In group A, a fibrinogen cut-off of 353 mg/dL had a sensitivity of 90.4% and specificity of 62.79% (using Youden’s index), an AUC of 0.825, and the odds of 17.2 for predicting acute COPD exacerbations. In group B, the cut-off was higher at 391 mg/dL with an AUC of 0.791 (sensitivity: 57.7%; specificity: 92.5%), and the odds of predicting acute COPD exacerbations was 15.1 (Figure 3).
Figure 3. ROC analysis for plasma fibrinogen levels for Group A and B.
Group A: FEV1 <50%; Group B: FEV1 >50%.
AECOPD: acute exacerbation of chronic obstructive pulmonary disease; FEV1: forced expiratory volume in one second; AUC: area under the curve; ROC: receiver operating characteristic
Discussion
We observed that plasma fibrinogen levels were the highest in the AECOPD group and significantly different from those with stable COPD or healthy controls. In addition, plasma fibrinogen levels had a positive correlation with important functional indices and prognostic markers such as the BODE, ADO, and DOSE. The best correlation was with the DOSE index and the least was with the BODE index. Furthermore, elevated fibrinogen levels were associated with an increased number of AECOPD per year and were significantly associated with lower lung function. Significant differences were observed in fibrinogen levels between mild and moderate COPD and moderate and severe COPD, but not between severe and very severe COPD. Fibrinogen levels of >350 mg/dL had a 90% sensitivity but lower specificity to predict AECOPD in severe COPD patients (FEV1 of <50%), while fibrinogen levels of >390 mg/dL had more than 90% specificity to predict AECOPD but had poor sensitivity in moderate COPD patients (FEV1 of >50%).
Fibrinogen, a major acute-phase reactant, is predominantly synthesized in the liver. Fibrinogen is then converted into fibrin by thrombin for blood coagulation [18]. The synthesis of fibrinogen is upregulated as a response to inflammation which is a key pathophysiology underlying COPD [19]. COPD, a systemic disease, comprises various phenotypes making disease progression and outcome difficult to predict [20-22]. Multiple cohorts including Evaluation of COPD Longitudinally to Identify Predictive Surrogate Endpoints (ECLIPSE), National Health and Nutrition Examination Survey III (NHANES III) study, and Framingham Heart Study Offspring Cohort (FHSOC) concluded that plasma fibrinogen levels can be used as a prognostic biomarker to assess AECOPD [16]. The U.S. Food and Drug Administration and the European Medicines Agency have approved plasma fibrinogen as a prognostic biomarker to assess AECOPD and mortality in COPD confirming its clinical utility [23]. However, it should be noted that the demographics from these large cohorts consisted mainly of the Caucasian population. Because plasma fibrinogen levels are known to vary with demographics and ethnicities, the results from other cohorts may have varied applicability [24]. The mean fibrinogen levels from our study were similar to the NHANES III cohort study but lower than the ECLIPSE study and higher than Atherosclerosis Risk in Communities and Cardiovascular Health Study studies. This can be attributed to the differences in assessment methods for plasma fibrinogen levels or differences in the severity of COPD and exacerbators in the study population or differences in ethnicity [25]. For plasma fibrinogen levels to be accepted as a biomarker, it is crucial to standardize its measurement according to ethnicity and disease severity.
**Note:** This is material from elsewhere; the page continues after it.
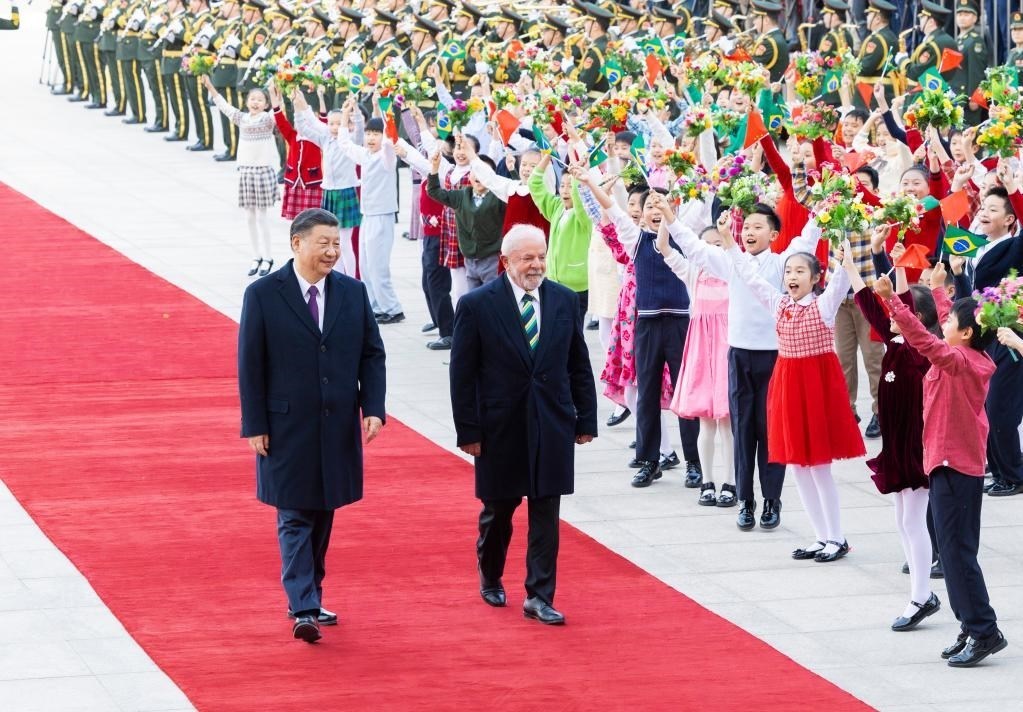 4月14日下午,國家主席習近平在北京人民大會堂同來華進行國事訪問的巴西總統(tǒng)盧拉舉行會談。這是會談前,習近平在人民大會堂東門外廣場為盧拉舉行歡迎儀式。新華社記者 劉衛(wèi)兵 攝

Similar to our study, large-scale longitudinal cohort studies performed in the general population observed that patients with higher plasma fibrinogen levels had increased rates of COPD exacerbations and hospitalization rates during the follow-up period [26,27]. We also saw a negative correlation between FEV1 and plasma fibrinogen levels and a positive correlation with various COPD-related indices (BODE, ADO, and DOSE). These findings were congruent with a similar study performed among COPD patients from South Korea [28]. The correlation between plasma fibrinogen and the various prognostic indices were only mild to moderate suggesting that fibrinogen may measure different aspects of the disease. Future studies are needed to confirm whether the addition of fibrinogen to the indices (for example, BODEF) is an even better indicator of disease outcomes.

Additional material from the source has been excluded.